Second, by implementing a persona-based simulation, our framework effectively quantifies the perceptual heterogeneity among different stakeholders. This method, analogous to a large-scale sentiment analysis in urban spaces, reveals that enterprise founders and researchers prioritize micro-spatial qualities that foster creativity, whereas investors and park managers focus on macro-level order and asset image. This finding provides granular insights into the multifaceted nature of the city image as perceived by different user groups.
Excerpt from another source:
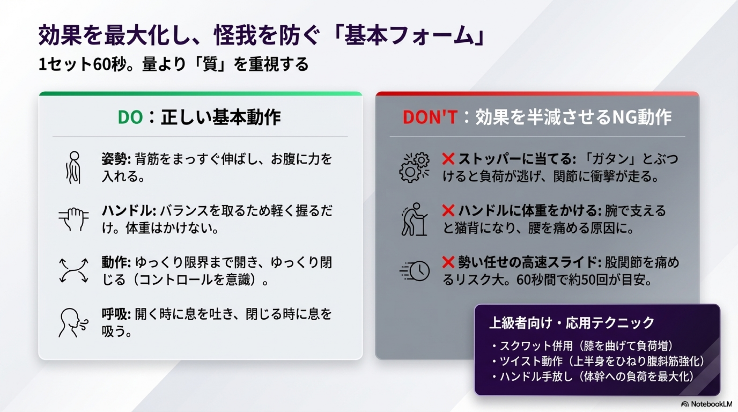 正しいフォーム(ストッパーに当てない、ハンドルに体重をかけない、1セット60秒を守る)を意識し、週3〜4回の継続から始めてみてください。効果を最大化するポイントは、無理をせず長く続けることです。

Methodologically, this research pioneers an efficient AI-driven approach for a holistic, human-centric diagnosis of specialized urban environments, moving beyond the limitations of traditional surveys and single-task computational models. Practically, it offers a powerful decision-support tool for data-driven urban planning and governance. By translating the abstract concept of urban spatial perception into actionable insights, our framework enables planners and managers to optimize innovation spaces with precision. This fosters a virtuous cycle: enhancing spatial quality to attract and retain talent, which in turn stimulates innovation, ultimately driving the creation of innovation ecosystems that are more productive, collaborative, and sustainable.

Author contributions

Xinyuan Chen: Conceptualization, Methodology, Validation, Writing – original draft; Zhongying Song: Methodology, Visualization, Writing – original draft; Li Xu: Investigation, Resources; Junhua Zhu: Software, Visualization; Qiang Niu: Conceptualization, Writing–review & editing, Supervision, Funding acquisition; Guo Cheng: Conceptualization, Methodology, Writing–review & editing. All authors reviewed the manuscript.

Funding

This work was supported by the National Natural Science Foundation of China (52278075) and the Key Project of the Wuhan Municipal Knowledge Innovation Program (2023010188060007).

Data availability

The data that support the findings of this study are available from the corresponding author(C.G. 2025102090012@whu.edu.cn) upon reasonable request due to privacy concerns related to the industrial park.

Declarations

Competing interests

The authors declare no competing interests.